Тут и задумчивая Зина Попова открыла рот, но про мамину начальницу мы слушать больше не хотели, отошли поскорее.

— Что ж это такое, — задумчиво почесал в затылке Кирюха. — Малявки не боятся, девчонки не боятся…

На лавочке, недалеко от качелей, двое дяденек играли в шахматы.

— Смотрите, дяденьки: крыса, — уныло заметил Кирюха.

Но дяденьки даже не обернулись, так были увлечены шахматами.

На качелях сидели парень с девушкой. Целовались, кажется.

— Вот сейчас мы их счастье-то и разрушим… — неуверенно, но с некоторой надеждой сказал мне Кирюха. Мы поплелись к качелям.

— Дохлая крыса!!! — выкрикнул Кирюха, но крысу достать не успел.

— Кто дохлая крыса??? — заревел парень.

— Ой, не вы, не вы, — испугался Кирюха.

— Получается, это я — дохлая крыса??? — возмутилась девушка. — Лёха, ну-ка задай им!
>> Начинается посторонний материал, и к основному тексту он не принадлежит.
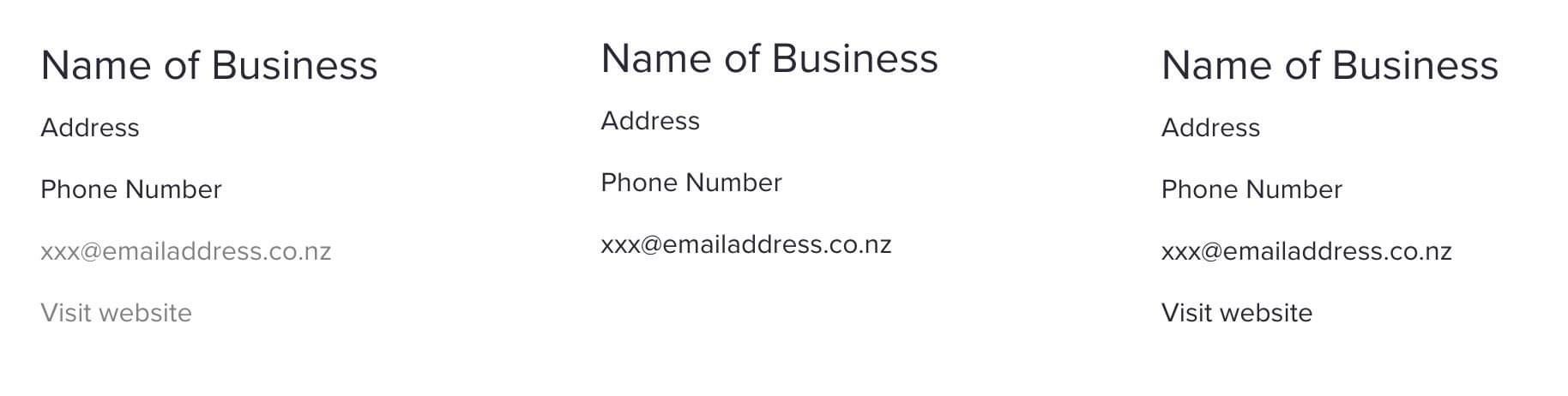 Business name, address, phone number, email address

Лёха вскочил с качелей и погнался за нами. Мы побежали, но я споткнулся о скакалку, когда бежал мимо девчонок. И упал. А Кирюха споткнулся об меня. Таким образом мы не успели убежать, и парень надрал нам уши.
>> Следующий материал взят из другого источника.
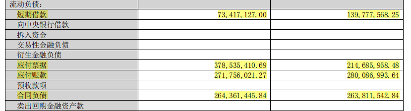 除此之外,公司的现金压力也在增加。截至2022年9月30日,盛通股份的短期借款、应付票据、应付账款、合同负债分别为7341.71万元、3.79亿元、2.72亿元、2.64亿元,合计接近10亿元,但公司期末的现金及现金等价物仅有1.39亿元。

И с красными ушами и дохлой крысой мы поковыляли к подъезду.

На скамейке возле подъезда общались старушки.

— Последний шанс, — шепнул мне Кирюха, вздохнул и направился к скамейке. — Смотрите, бабушки — крыса!!! Страшно ведь. А?
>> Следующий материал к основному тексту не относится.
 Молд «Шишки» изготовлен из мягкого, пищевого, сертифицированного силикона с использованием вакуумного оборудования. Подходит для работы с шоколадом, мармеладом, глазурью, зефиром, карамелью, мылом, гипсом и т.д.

— Инфекция! — возмутились бабки. — Вы её что, так в руках и несли?

— Нет, мы её к верёвочке привязали, — грустно сказал Кирюха.

— Молодцы! — одобрили бабки. — Но всё-таки крыса — не игрушка. Выкиньте, детки. И руки не забудьте с мылом помыть.

Выкинули мы крысу и пошли домой.

— А всё-таки, — говорит Кирюха, — очень ценная находка была.

— Почему? — удивился я. — Никого же не напугали.

— Почему?! А то сам не догадываешься!

— Не догадываюсь, — говорю. Я вообще малопонятливый…

— Да потому, — говорит Кирюха, — что мы как раз ровно час и погуляли, как мама просила! А не было бы крысы — гораздо раньше бы домой вернулись от скуки.

Да… Кирюха — голова! Не то что я.

Сатирическая стенгазета

Не знаю я, что со стенгазетой делать! Мне Елена Борисовна сказала:

— Рисуй сатирическую стенгазету.

Я говорю:

— Сатирическую — это как?

Елена Борисовна улыбается и объясняет:

— Сатира, Грушкин, это обличение отрицательных явлений при помощи комических средств.

Я говорю:

— Чего?

А Елена Борисовна:

— Ну, вот есть у нас отрицательные явления в классе. Хулиганы. Двоечники. Прогульщики. Болтуны. Девочки-воображульки. И их надо обличить. Комическими средствами.

Я говорю:

— Чего?

Елена Борисовна:

— Ну, помнишь, мы на уроке литературы про древнеримского поэта Горация говорили? Про его сатиры?

Я говорю:

— Чего?

— Так, — говорит Елена Борисовна, — в отрицательные явления не забудь внести хлопанье ушами на уроках.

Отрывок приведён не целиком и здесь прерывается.